We’re looking forward to it. So you’re playing for the Berlin Bears, you were born in Germany, but now you’re living in Scotland. How did that come about?

Well, as a German player there came a time when the government decided it was going to start taking taxes off German poker players. And, the way they were going about it wasn’t fair. They’d just look at your Hendon Mob page and say, right, you owe us this much! It didn’t actually happen to me but it happened to a few people I knew. So they’d say, you won a million, you owe us half of that, and you’d say, well actually I won about 30% of that. And then you haven’t paid your travel expenses or any other tournaments. You can’t tax poker like that, it doesn’t work. So I moved to Brighton in 2009, then I moved to London and then I got bored of the lifestyle. In London we just had the lifestyle of poker, poker, poker, and while I wasn’t against dedicating myself to making money at that point, I wanted something else. I wanted to try something new so I moved to Edinburgh with Andrew Teng, and there’s a few of us up here like Rupert Elder and David Lister, it’s a great community. It’s quite a bit cheaper than London too.

If someone’s going to Edinburgh for the first time, what’s the one thing they shouldn’t miss?

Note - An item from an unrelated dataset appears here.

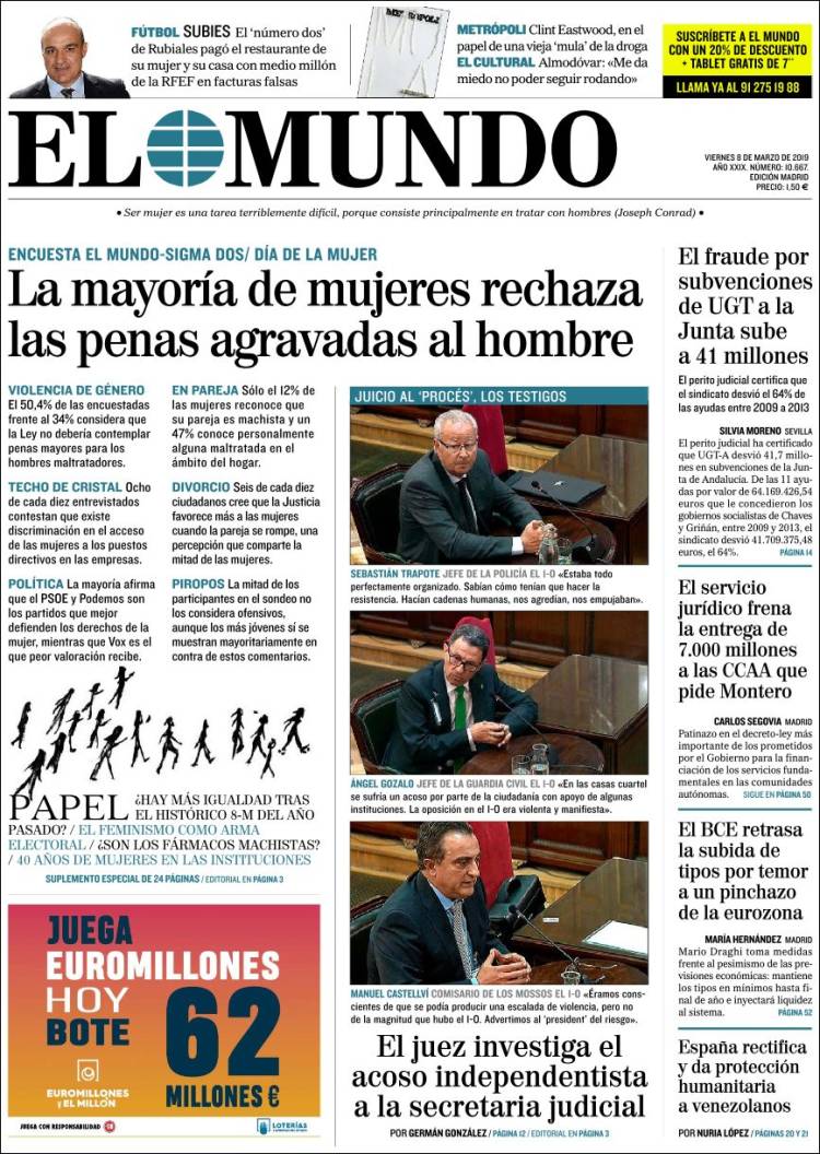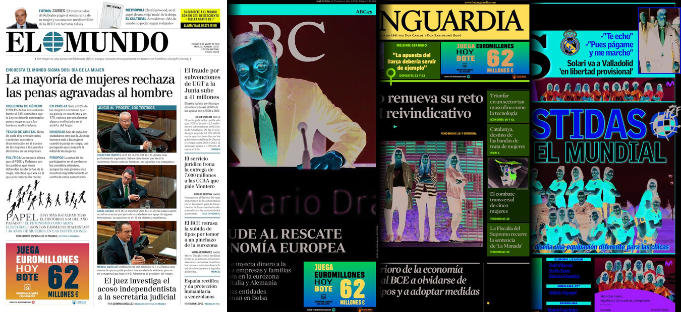 Portadas de los diarios El Mundo, El País, ABC, La Razón, La Vanguardia, El Periódico, CincoDías, El Economista, Marca, As y Mundo Deportivo.

Honestly, my house, where I play poker all day – it’s really nice! I really like The Honours, it does great food. They have really good steaks. I’d recommend the rib eye or a Chateaubriand for two. Another great restaurant is L’escargot Bleu, it’s French with Scottish ingredients and it’s amazing. They’re my two favourites. What I personally like to do is go to the places that do street food. If you’re into that sort of stuff the Stockbridge Market is on every Sunday. My favourite is a little stall called Barnacles and Bones, they sell beef and crab, and you can have it three different ways. It does delivery too!

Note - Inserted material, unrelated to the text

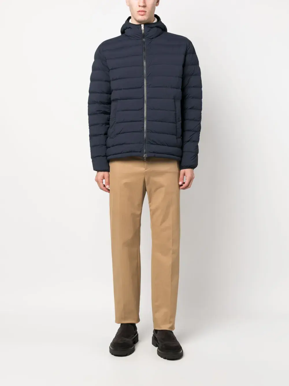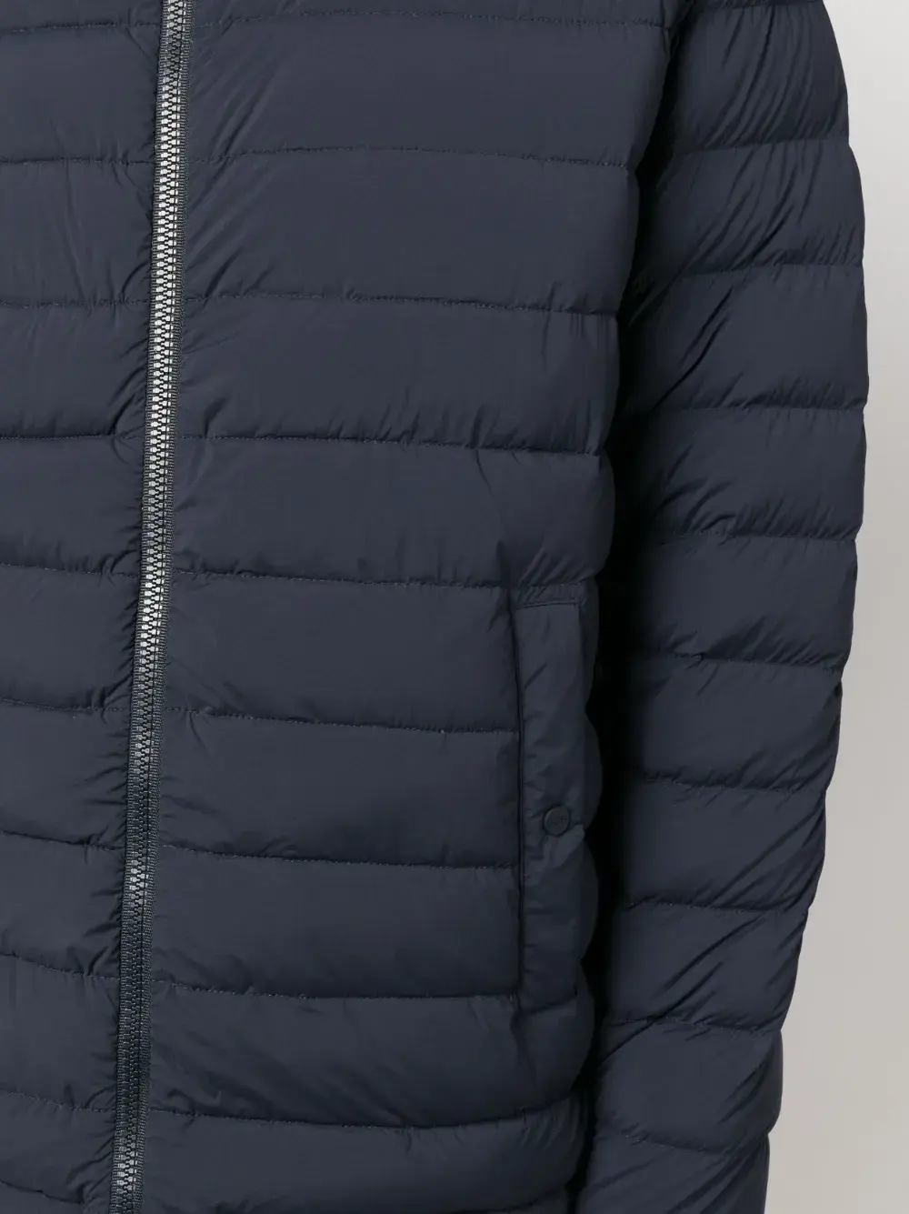 Темно-синий, гусиный пух, дутый материал, классический капюшон, двусторонняя молния спереди, длинные рукава, два прорезных кармана сбоку и прямой подол.

Okay, we said earlier we wouldn’t put you on the spot but we’ve got some questions to see how well you’ve integrated into Scottish culture. Ready?

I’m going to wear a kilt at a friend’s wedding if that helps?

That gets you a bonus point. What would a Scottish person say is the best cure for a hangover?

Whisky?

It’s actually Iron Bru, you know what that is?

I know what Iron Bru is, it’s disgusting.

What’s the only film with Scotland in the title that’s won an Oscar?

[Laughs] I don’t know!

The Last King of Scotland. Do you know the Scottish comedian Billy Connolly? He said that there are two seasons in Scotland, what are they?

I know this. August and winter.

Close enough. And what’s the capital of Scotland?

Edinburgh!

Correct. With the bonus point that’s a respectable score, congrats!